Nel caso in specie, ha prevalso il piacere di collaborare con un mio ex allievo, il maestro Enrico Zanovello, e di onorare l’invito del direttore artistico Piergiorgio Meneghini. Anche perché mi hanno spiegato quanto sia burocraticamente difficile qui, oggi, fare un concerto a pagamento in una chiesa anziché in teatro, se così vogliamo chiamarlo. Un’altra delle tante cose che ci distinguono da altri Paesi.
Come salvare il concerto? L’unica possibilità per cambiare è tornare a dare valore alla musica, all’esigenza di ascoltare musica. È stato già dimostrato che fa bene, ascoltarla e studiarla. Nei Paesi oltralpe è vissuta come una necessità, non come una moda o uno status.

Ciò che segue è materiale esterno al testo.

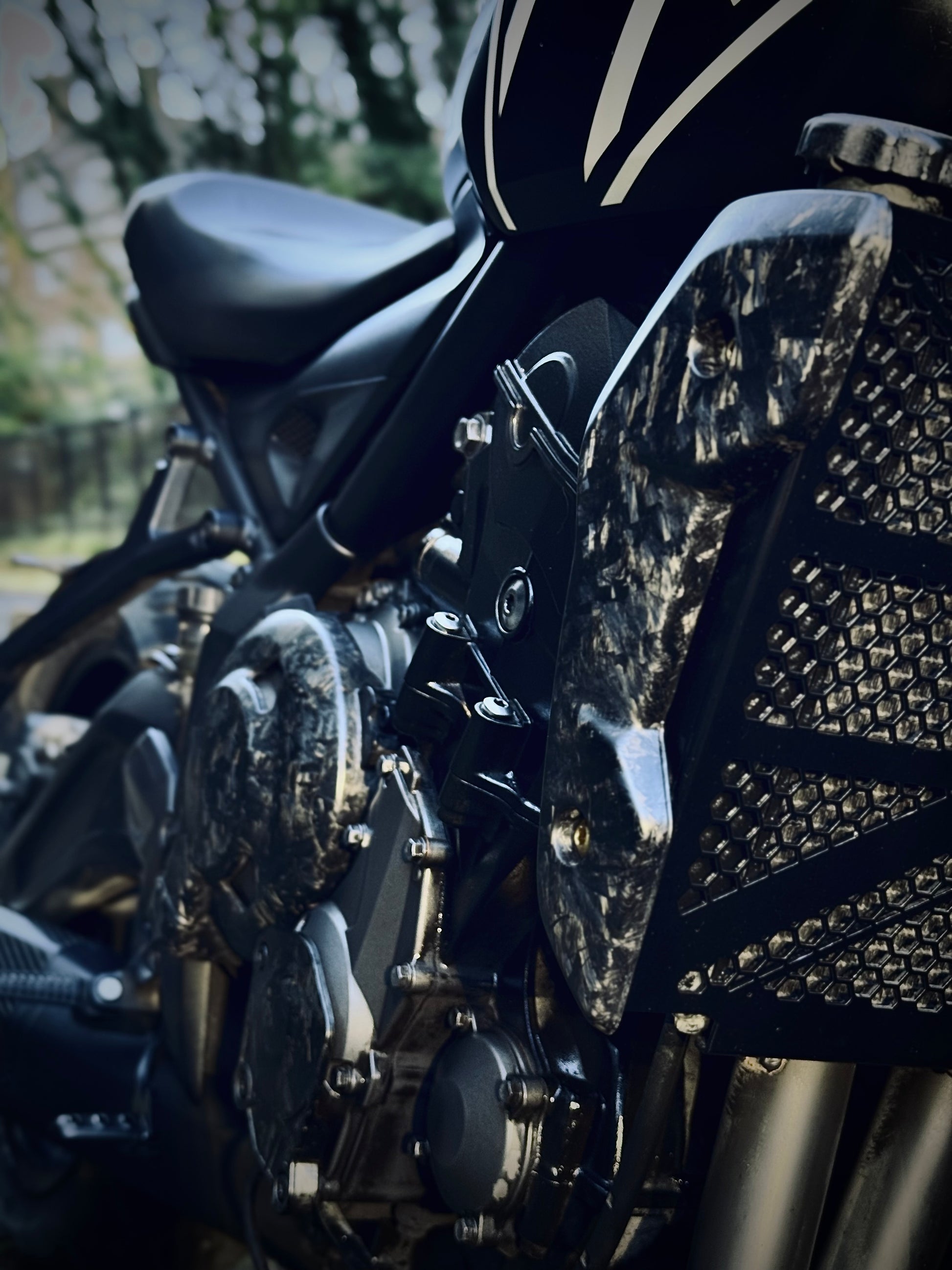 Give your Trident a race-inspired edge with these stunning forged carbon radiator cowls – the perfect upgrade for riders who value both style and quality.

“Servirebbe una rivoluzione culturale che partisse dai musicisti, perché i politici non sanno niente.”
Servirebbe una rivoluzione culturale che partisse dai musicisti, perché i politici non sanno niente. Da parte di tutti i musicisti ci vorrebbe un’alleanza non piccole schermaglie, conflitti, rivalità. Invece molti colleghi italiani pensano per sé stessi: quell’interprete contro quell’altro. Si perdono in invidie e gelosie invece di lavorare per il Paese, per la musica di qualità.